The new Kijang will also be assembled in Malaysia, Philippines, Vietnam and South Africa and exported to some of the smaller markets in the region. It is unclear whether it will be made available in Thailand, given that Thailand will have the Sportsrider – an SUV model based on the same platform. But acceptance of the Avanza should help its cause. Toyota’s Indian company clearly wants to bring in the new model, but is also conscious of the cost.


Last year, around 110,000 Kijang models were assembled, including almost 75,000 in Indonesia and 35,000 overseas. Around 10,000 of these were pickup models, smaller and less refined than the Thai-made Hilux models.

Toyota is cautious about the prospects for the new model in Indonesia. Mr Trisanyoto, the director of marketing at Toyota Astra Motor, admits that with quality improvements, new engines and additional equipment, it will be difficult to keep the new vehicle in the current Kijang price segment. The segment is also coming under pressure at the lower end from the new compact utility vehicle sub-segment that the company itself has created with the Avanza model, and at the top end with the growing Availability of SUVs such as the Nissan X-trail.

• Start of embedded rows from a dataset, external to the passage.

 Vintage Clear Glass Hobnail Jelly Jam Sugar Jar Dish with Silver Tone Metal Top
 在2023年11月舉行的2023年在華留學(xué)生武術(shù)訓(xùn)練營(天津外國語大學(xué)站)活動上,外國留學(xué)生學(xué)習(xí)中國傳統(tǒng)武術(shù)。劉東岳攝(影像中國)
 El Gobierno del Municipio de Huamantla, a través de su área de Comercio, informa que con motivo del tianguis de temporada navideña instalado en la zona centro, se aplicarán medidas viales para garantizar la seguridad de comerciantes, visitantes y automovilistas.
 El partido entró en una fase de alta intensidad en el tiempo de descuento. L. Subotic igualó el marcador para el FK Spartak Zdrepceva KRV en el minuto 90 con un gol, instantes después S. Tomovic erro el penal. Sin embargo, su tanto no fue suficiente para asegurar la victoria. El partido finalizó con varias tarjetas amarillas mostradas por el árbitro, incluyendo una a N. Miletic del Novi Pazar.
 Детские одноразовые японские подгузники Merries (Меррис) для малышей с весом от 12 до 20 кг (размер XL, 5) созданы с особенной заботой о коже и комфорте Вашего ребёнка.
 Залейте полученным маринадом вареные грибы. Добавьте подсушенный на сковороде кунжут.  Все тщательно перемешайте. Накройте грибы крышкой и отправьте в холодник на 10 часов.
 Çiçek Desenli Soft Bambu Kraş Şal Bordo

But the company’s head of marketing believes that there is still a distinct market segment for the Kijang, at least for the new generation model due out next month. He believes that domestic sales are likely to remain in the current 60,000-70,000-unit range annually, but that volumes are unlikely to grow in line with the overall vehicle market. Its competitors in this segment, such as Isuzu with its Panther model and Mitsubishi with the Kuda, are likely to find the going much tougher though.


Beyond the current generation, Indonesian market requirements are likely to have progressed further towards convergence with international standards. Provided that quality standards can be improved satisfactorily, the Kijang could become more of a global product.